Se lo propuse casi sin pensarlo. Íbamos en el coche, como tantas otras veces, con esa conversación a medias que se tiene cuando uno mira la carretera y la vida al mismo tiempo. «¿Y si rezamos un Rosario?». Mi madre me miró con una mezcla de sorpresa y pudor. Me dijo que hacía mucho que no rezaba uno. Mucho. Como si el Rosario perteneciera a una etapa anterior de su vida, a un cajón que se cierra con cuidado para que no haga ruido.
Yo rezo mucho. O al menos lo intento. Pero aquella propuesta no nacía de ninguna disciplina, ni de un propósito heroico. Nacía de una intuición sencilla: que ese momento, ese trayecto, ese nosotros, pedía algo más. Y empezamos.
Sin solemnidad. Sin ese aire de ¨ahora toca rezar¨que a veces nos paraliza más que nos ayuda. Empezamos como se empieza lo importante: mal. Con dudas, con avemarías que se pisan unas a otras, con silencios raros, con misterios que uno tiene que recordar sobre la marcha. Era domingo, y fuimos avanzando hasta la coronación de la Virgen, ese último misterio glorioso que siempre suena a meta y a descanso.
Pero aquello fue cualquier cosa menos perfecto. Fue un rosario atropellado, con rotondas de por medio, con intermitentes y cambios de carril, con algún comentario que se escapaba entre misterio y misterio. Y, sin embargo, fue el rosario más feliz de mi vida. Porque allí entendí algo que quizá ya sabía, pero no había vivido así: que la oración no se mide. No se pesa en minutos ni en méritos. No se archiva como una tarea cumplida. La oración, cuando es de verdad, sucede. Y cuando sucede, todo lo demás pasa a un segundo plano.

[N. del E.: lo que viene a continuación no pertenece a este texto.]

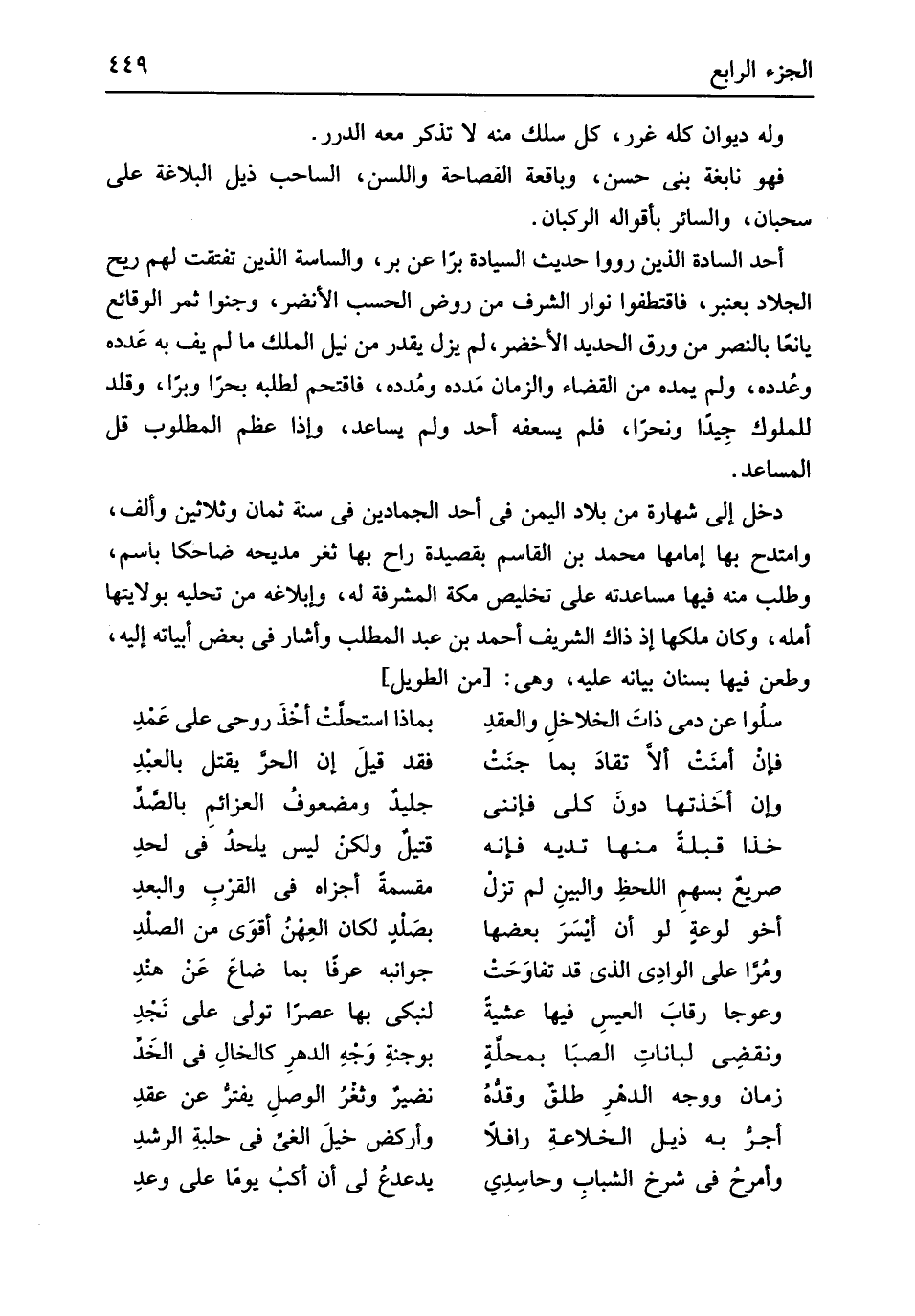 وَله ديوَان كُله غرر كل سلك مِنْهُ لَا تذكر مَعَه الدُّرَر فَهُوَ نَابِغَة بني حسن وباقعة الفصاحة واللسن الساحب ذيل البلاغة على سحبان والسائر بأقواله الركْبَان أحد السَّادة الَّذين رووا حَدِيث السِّيَادَة برا عَن بر والساسة الَّذين تفتقت لَهُم ريح الجلاد بعنبر فاقتطفوا نوار الشّرف من روض الْحسب الأنضر وجنوا ثَمَر الوقائع يانعاً بالنصر من ورق الْحَدِيد الْأَخْضَر لم يزل يقدر من نيل الْملك مَا لم يَفِ بِهِ عَدده وعُدده وَلم يمده من الْقَضَاء وَالزَّمَان مَدده ومُدده فاقتحم لطلبه بحراً وَبرا وقلد للملوك جِيداً ونحراً فَلم يسعفه أحد وَلم يساعد وَإِذا عظم الْمَطْلُوب قل المساعد دخل إِلَى شهارة من بِلَاد الْيمن فِي أحد الجمادين فِي سنة ثَمَان وَثَلَاثِينَ وَألف وامتدح بهَا إمامها مُحَمَّد بن الْقَاسِم بقصيدة رَاح بهَا ثغر مديحه ضَاحِكا باسم وَطلب مِنْهُ فِيهَا مساعدته على تَخْلِيص مَكَّة المشرفة لَهُ وإبلاغه من تحليه بولايتها أمله وَكَانَ ملكهَا إِذْ ذَاك الشريف أَحْمد بن عبد الْمطلب وَأَشَارَ فِي بعض أبياته إِلَيْهِ وَطعن فِيهَا بسنان بَيَانه عَلَيْهِ وَهِي // (من الطَّوِيل) //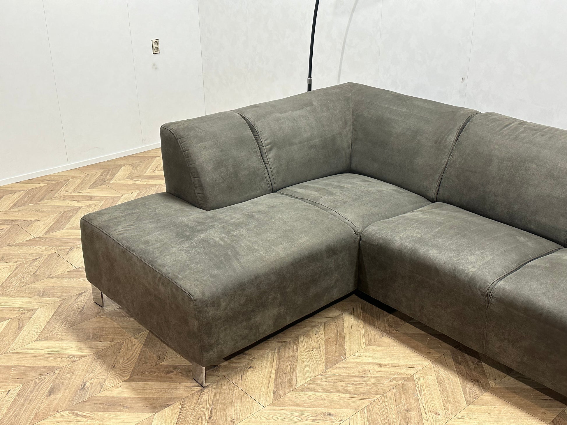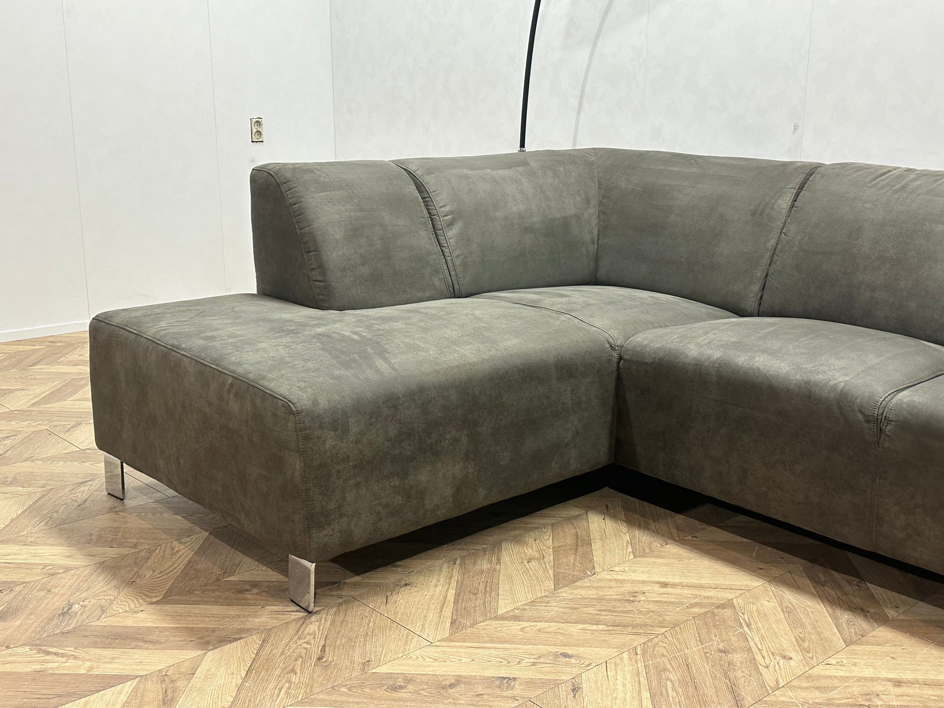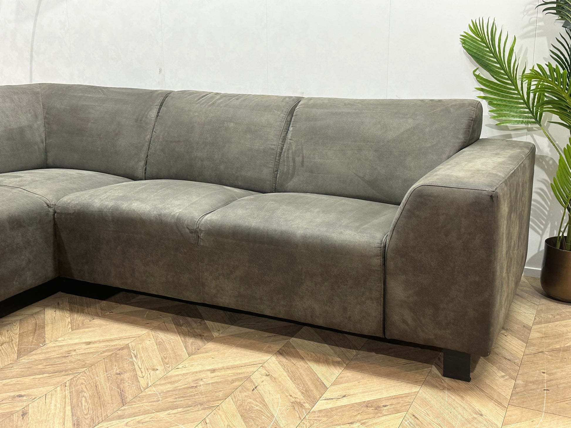 Antraciet Suède Stoffen Hoekbank ~ Vaste Kussens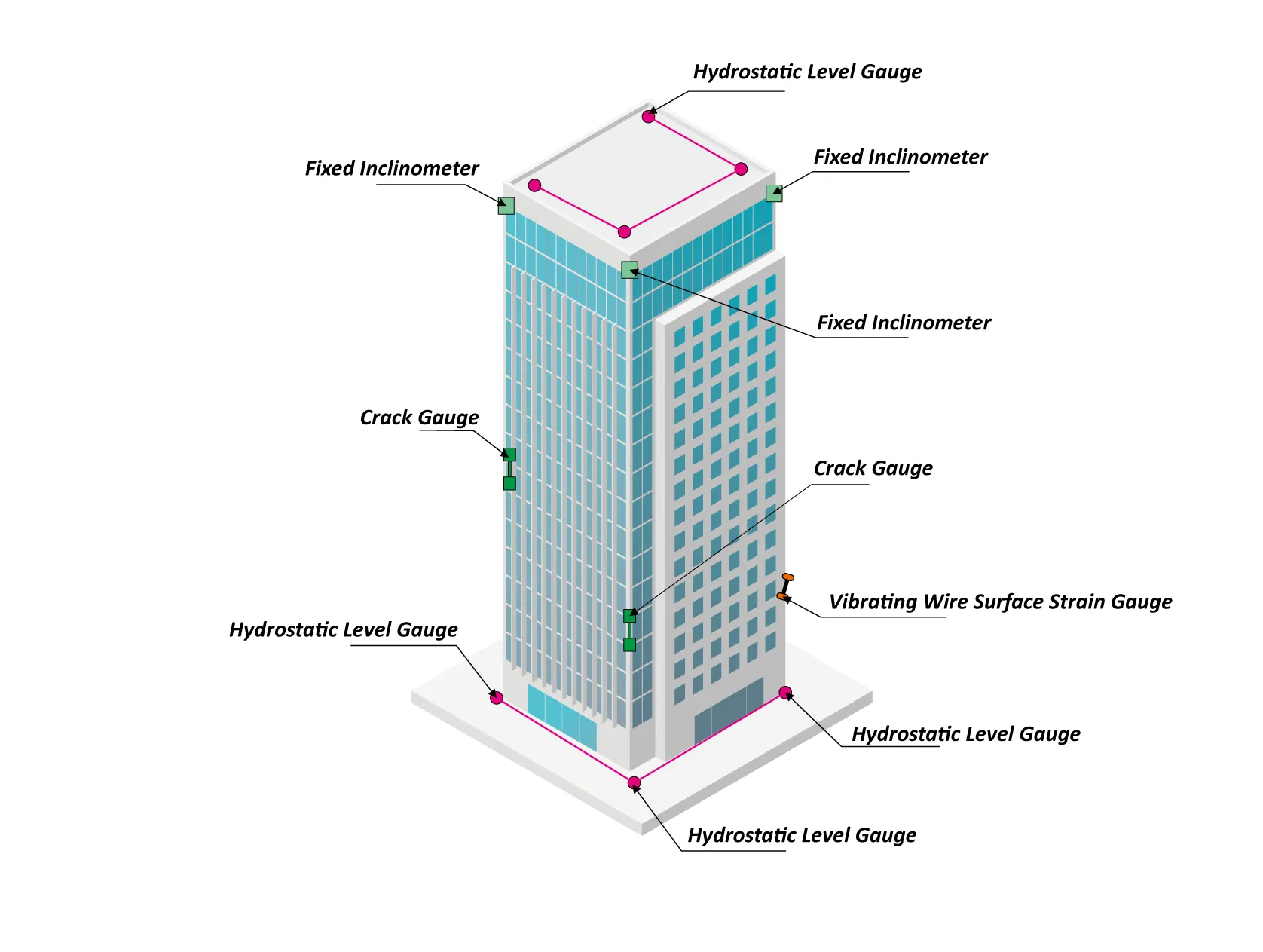 Menggunakan teknologi seperti Internet Perkara, komunikasi mudah alih dan pengkomputeran awan, ia menjalankan pemantauan keselamatan automatik terhadap ubah bentuk luaran dan perubahan kedudukan spatial tiga dimensi struktur seperti bangunan tinggi, bangunan rentang panjang, bangunan berisiko tinggi dan bangunan purba. Ia merekodkan status kesihatan bangunan sepanjang keseluruhan kitaran hayatnya, mengawal risiko dan memastikan perkhidmatan bangunan yang sihat.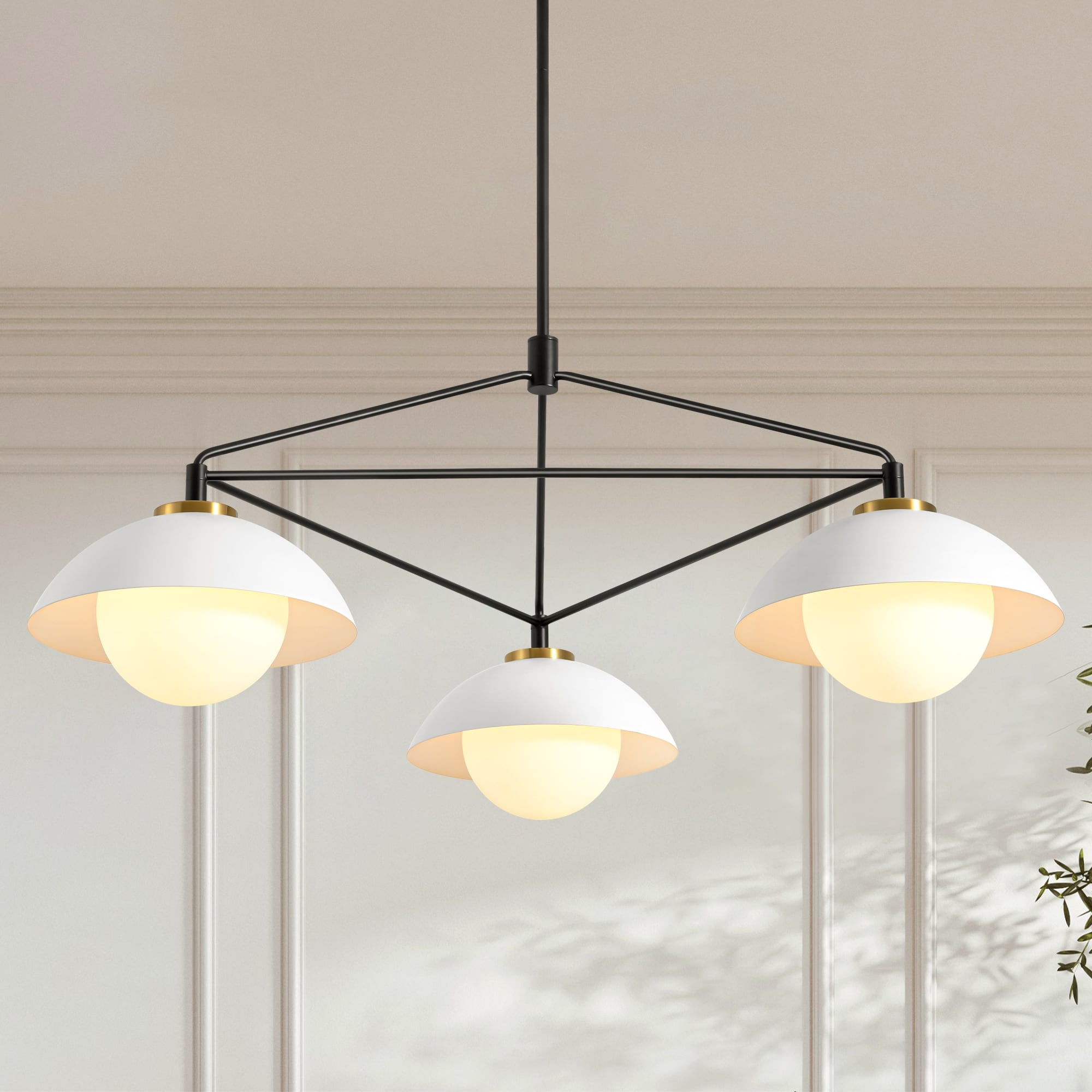41.9" 3-Light Modern Black Triangle Frame Chandelier with Opal Glass Globe Shades - 41.93 in. H x 17.32 in. H x 41.93 in. D

Recordé entonces aquello que repetía tantas veces san Josemaría Escrivá: que no es cuestión de cantidad, sino de calidad. Y más aún, que lo decisivo no es cuánto rezamos, sino con Quién rezamos. Aquella tarde, en aquel coche, no había técnica, ni método, ni siquiera costumbre. Pero estaba Él. Y estaba Ella. Y estábamos nosotros. Y eso bastaba.
Mi madre, que hacía tanto que no rezaba un Rosario, iba encontrando poco a poco el ritmo, como quien vuelve a casa después de mucho tiempo y reconoce los muebles en la penumbra. No había épica. Había algo mejor: había verdad. Una verdad pequeña, casi doméstica, que no necesita palabras grandes para sostenerse.
Quizá por eso, al llegar a la coronación de la Virgen, no sentí que terminábamos algo, sino que habíamos llegado. No a un final, sino a un sitio. A ese lugar donde la fe deja de ser teoría y se convierte en compañía. Donde uno entiende que la Virgen no se corona en los altares, sino en estos momentos mínimos en los que, sin saber muy bien cómo, todo encaja.
Desde entonces, he rezado más rosarios. Mejores, seguramente. Más ordenados, más recogidos, más como deben ser. Pero ninguno ha sido como aquel. Porque aquel no fue un buen Rosario. Fue un Rosario feliz, como Dios manda.